Pictures aside, print all of the data below exactly as written.

====== THE DATA

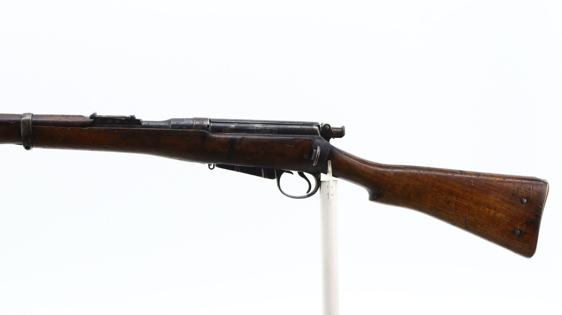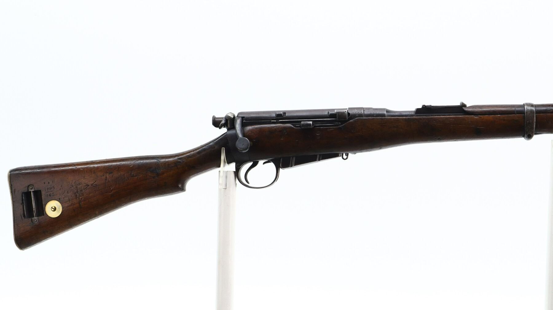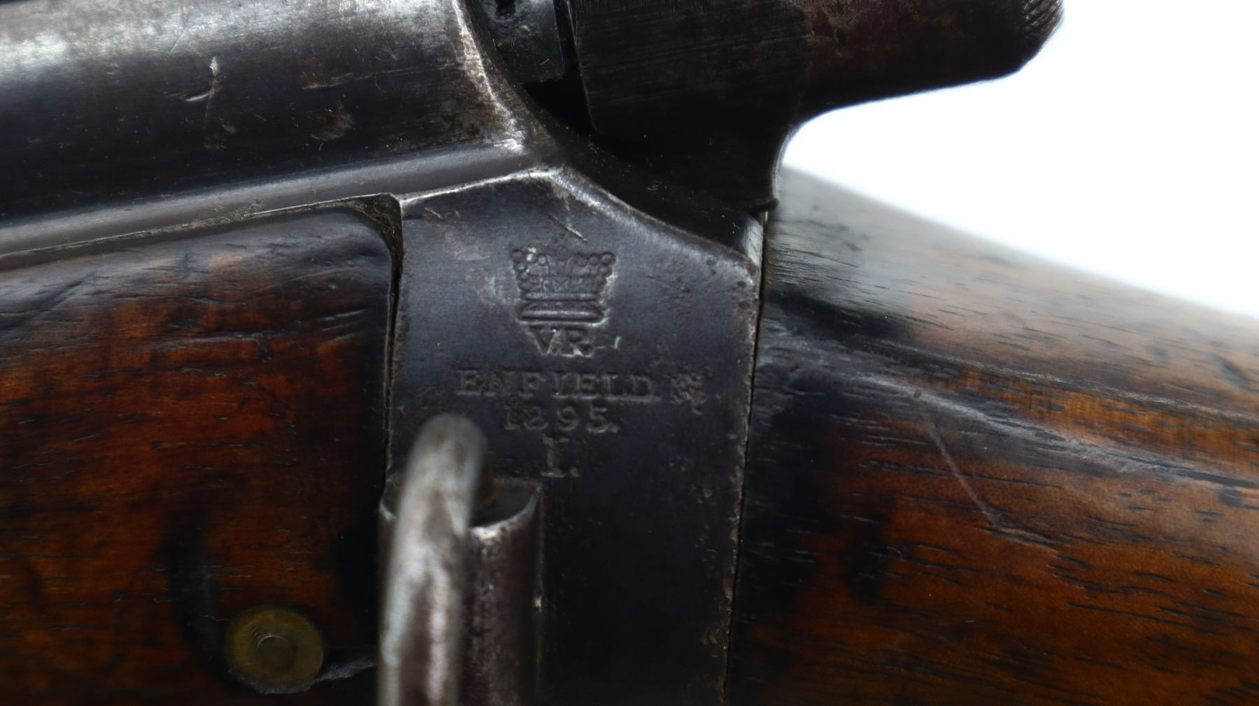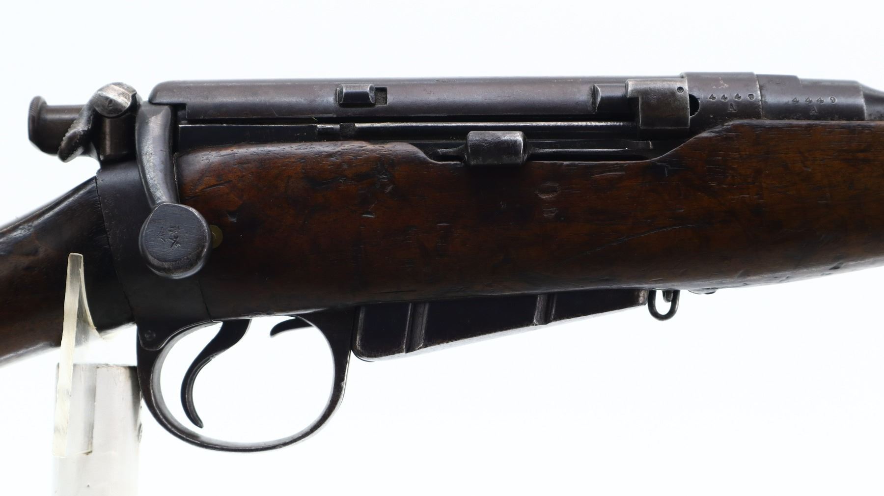 6+/10, CANADIAN LEE METFORD, MODEL: MKI CARBINE, CALIBER:303 BR, COMES WITH MAGAZINE, BORE IS POOR, WORN, PITTED. MANUFACTURED BY ENFIELD 1895, BOLT UNNUMBERED. BLADE FRONT SIGHT WITH RAMP AND EARS, ADJUSTABLE U NOTCHED REAR SIGHT, BARREL AND RECEIVER HAVE DOUBLE BROAD ARROWS INDICATING SOLD FROM STORES, DUST COVER, MAGAZINE CUT OFF, TURNED DOWN HANDLE WITH FLAT KNOB, SAFETY ON COCKING PIECE. LEFT SIDE OF BUTT SOCKET RETAINS ORIGINAL "D" RING. THREE PIECE FULL MILITARY WOOD STOCKS, PISTOL GRIP, SMOOTH BRASS BUTT PLATE WITH TRAP, BLANK BRASS STOCK DISK, RIGHT SIDE OF STOCK HAS ENFIELD ROUNDEL SOLD FROM STORES MARKS M&D INDICATING CANADIAN MILITIA AND DEFENCE, 1895 143. REAR SLING SWIVEL ONLY, CORRECT CARBINE MAGAZINE WITH RETAINING LINK. METAL FINISH SHOWS SOME PITTING, SCRATCHES, HANDLING MARKS AND WEAR. STOCKS SHOW SOME MARKS, SCRATCHES AND WEAR. , ACTION: BOLT ACTION RIFLE, BARREL LENGTH: 21", SERIAL # 4449A, CONDITION: 6+/10, CLASS: CANADIAN NON RESTRICTED
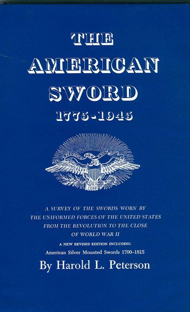 THE AMERICAN SWORD 1775-1945 by Harold Peterson. 286 pages with over 200 illustrations. Included in the book is an additional 60 page selection "American Silver Mounted Swords 1700-1815". This book is actually two works combined into one definitive research book. Lists makers and their marks. Chapters on Special presentation swords, officers swords, enlisted mans swords along with dimensions and descriptions. This is the standard reference on this interesting subject. Hardcover.
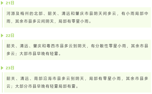 预计,20-21日粤北和珠江三角洲北部市县阴天间多云有小雨,其中,韶关及清远的南部、肇庆、河源北部市县局部有中雨或大雨;22-23日大部市县可见阳光,早晚有轻雾局部有雾。

============

[RESULT]
 6+/10, CANADIAN LEE METFORD, MODEL: MKI CARBINE, CALIBER:303 BR, COMES WITH MAGAZINE, BORE IS POOR, WORN, PITTED. MANUFACTURED BY ENFIELD 1895, BOLT UNNUMBERED. BLADE FRONT SIGHT WITH RAMP AND EARS, ADJUSTABLE U NOTCHED REAR SIGHT, BARREL AND RECEIVER HAVE DOUBLE BROAD ARROWS INDICATING SOLD FROM STORES, DUST COVER, MAGAZINE CUT OFF, TURNED DOWN HANDLE WITH FLAT KNOB, SAFETY ON COCKING PIECE. LEFT SIDE OF BUTT SOCKET RETAINS ORIGINAL "D" RING. THREE PIECE FULL MILITARY WOOD STOCKS, PISTOL GRIP, SMOOTH BRASS BUTT PLATE WITH TRAP, BLANK BRASS STOCK DISK, RIGHT SIDE OF STOCK HAS ENFIELD ROUNDEL SOLD FROM STORES MARKS M&D INDICATING CANADIAN MILITIA AND DEFENCE, 1895 143. REAR SLING SWIVEL ONLY, CORRECT CARBINE MAGAZINE WITH RETAINING LINK. METAL FINISH SHOWS SOME PITTING, SCRATCHES, HANDLING MARKS AND WEAR. STOCKS SHOW SOME MARKS, SCRATCHES AND WEAR. , ACTION: BOLT ACTION RIFLE, BARREL LENGTH: 21", SERIAL # 4449A, CONDITION: 6+/10, CLASS: CANADIAN NON RESTRICTED
 THE AMERICAN SWORD 1775-1945 by Harold Peterson. 286 pages with over 200 illustrations. Included in the book is an additional 60 page selection "American Silver Mounted Swords 1700-1815". This book is actually two works combined into one definitive research book. Lists makers and their marks. Chapters on Special presentation swords, officers swords, enlisted mans swords along with dimensions and descriptions. This is the standard reference on this interesting subject. Hardcover.
 预计,20-21日粤北和珠江三角洲北部市县阴天间多云有小雨,其中,韶关及清远的南部、肇庆、河源北部市县局部有中雨或大雨;22-23日大部市县可见阳光,早晚有轻雾局部有雾。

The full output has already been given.